Trade negotiators were forced to look for a new path on Friday to reach an elusive world trade deal after a meeting between four major trading partners ended in failure.
The collapse of talks between the United States, the European Union, India and Brazil on Thursday at an historic German palace in Potsdam was the latest of several crises in the Doha round of world trade talks, which began in November 2001.
"The ball is now in the court of (World Trade Organisation) Director General) Pascal Lamy," Brazilian Foreign Minister Celso Amorim told reporters after the G4 meeting broke down. "The G4 may not ever be able to reach closure, but that certainly does not mean the end of the round," US Trade Representative Susan Schwab said.
The focus already moved back to Geneva on Friday, with Schwab, Amorim and EU Trade Commissioner Mandelson all travelling to the WTO headquarters to discuss next steps. The G4 setback increased pressure on Geneva-based negotiating chairmen to find compromises without the leading developed and developing countries speaking as one.
Although the Uruguay round of world trade talks took seven-and-a-half years from start to signing of the final agreement, time may be running out on the Doha round if the WTO's 150 members can't reach a breakthrough by the end of July.
The White House's "fast track" trade promotion authority has already effectively expired and the US Congress is unlikely to renew it without significant progress in the talks.
The legislation requires US lawmakers to approve or reject trade agreements without making changes - an important detail since any amendment could unravel a carefully negotiated pact.
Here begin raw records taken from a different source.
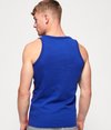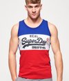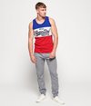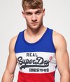 Superdry men's Vintage Logo panel vest. The perfect partner to denim shorts, this vest features a panel design and is completed with a textured logo graphic across the front.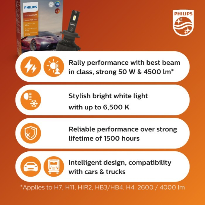 Lampu Mobil LED Philips Ultinon Rally 100 Watt Lampu Mobil H4 H11 H7 HB3 HB4 HIR2
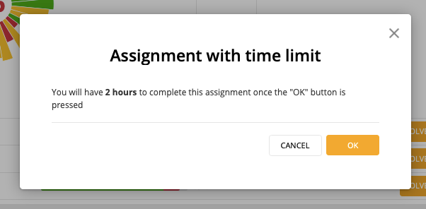 Please note that now your instructor can set a time limit to certain assignments and exams. Below is what you would see when you start an assignment with a time limit.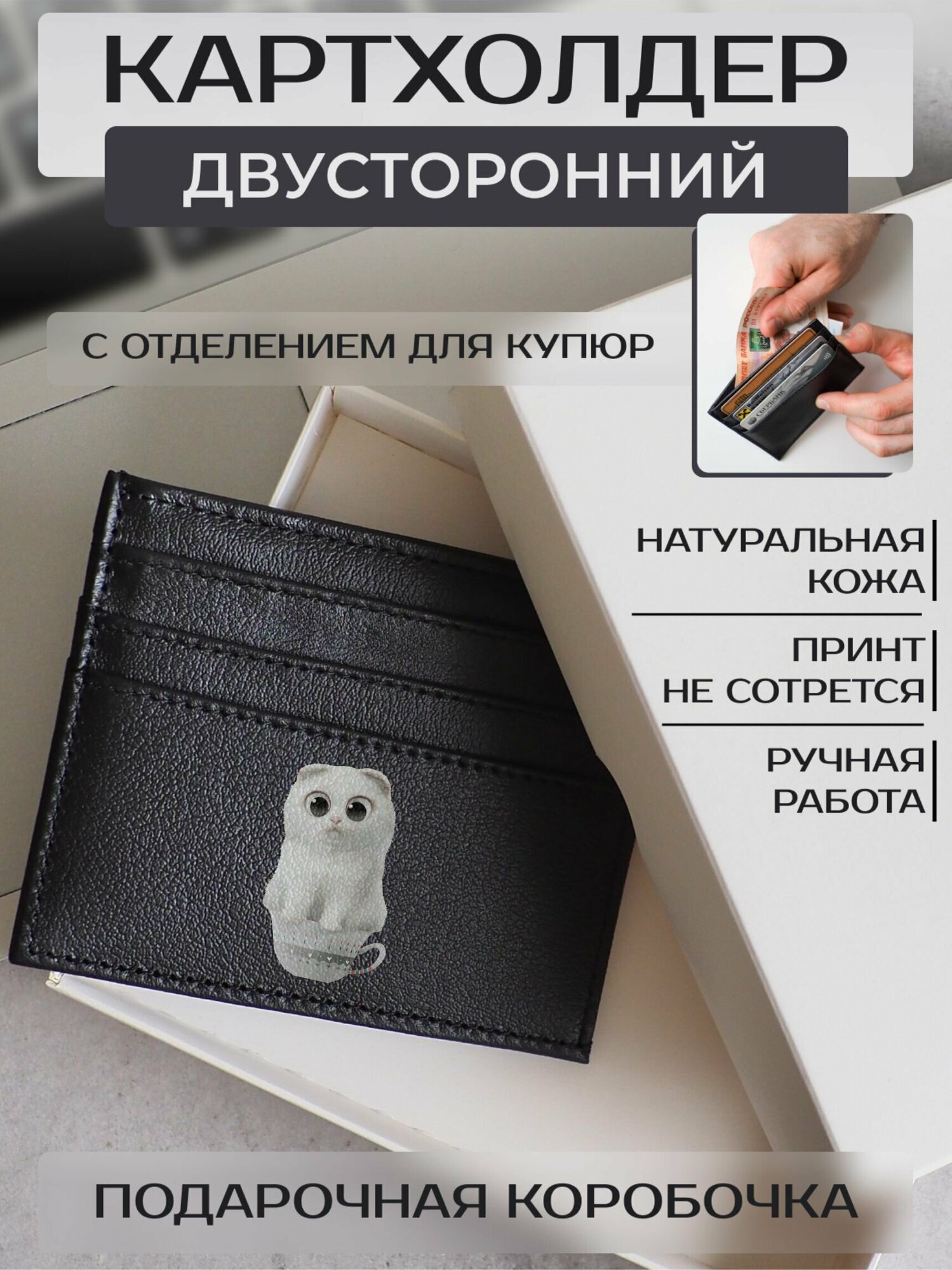 Кредитница / Футляр для карт / Картхолдер Russian.Handmade из натуральной кожи с принтом Милые няшные кошки №5 информация:

Schwab has insisted the United States does not need fast track to finish the Doha round, but conceded on Thursday a lost opportunity to win early renewal.
"We had hope that on the basis of a G4 convergence, we would see action on fast track," Schwab said. While the G4 participants resolved at least one divisive issue by agreeing to new disciplines on food aid, they remained divided on the scope of other major agricultural reforms.
They also clashed philosophically on the best way to achieve the Doha Development Agenda's goal of using trade to help boost the livelihoods of people in poor countries. Indian Commerce Minister Kamal Nath told reporters it was unreasonable for the United States and the EU to expect payment from developing countries, in terms of new agricultural and manufacturing export opportunities, in exchange for cutting their trade-distorting farm practices.
"If that is sought, it will not be a development round, it will be the perpetuation of inequities of global trade which have happened for the last 50 years," Nath said. But Schwab argued that cutting farm and manufacturing tariffs in advanced developing countries like India, Brazil and China was as important for boosting global economic growth as US and EU reforms.
"What will generate development and the alleviation of poverty is new trade flows. And you're not going to get new trade flows unless you have market openings," she said.
A limited trade pact may still be possible if Washington can accept fewer new export opportunities than it has sought for nearly six years, said Razeen Sally, trade policy professor at the London School of Economics. "Everyone's expectations has been lowered in the last six months or so, which is why the prospects of a deal is better now than a year ago," Sally said.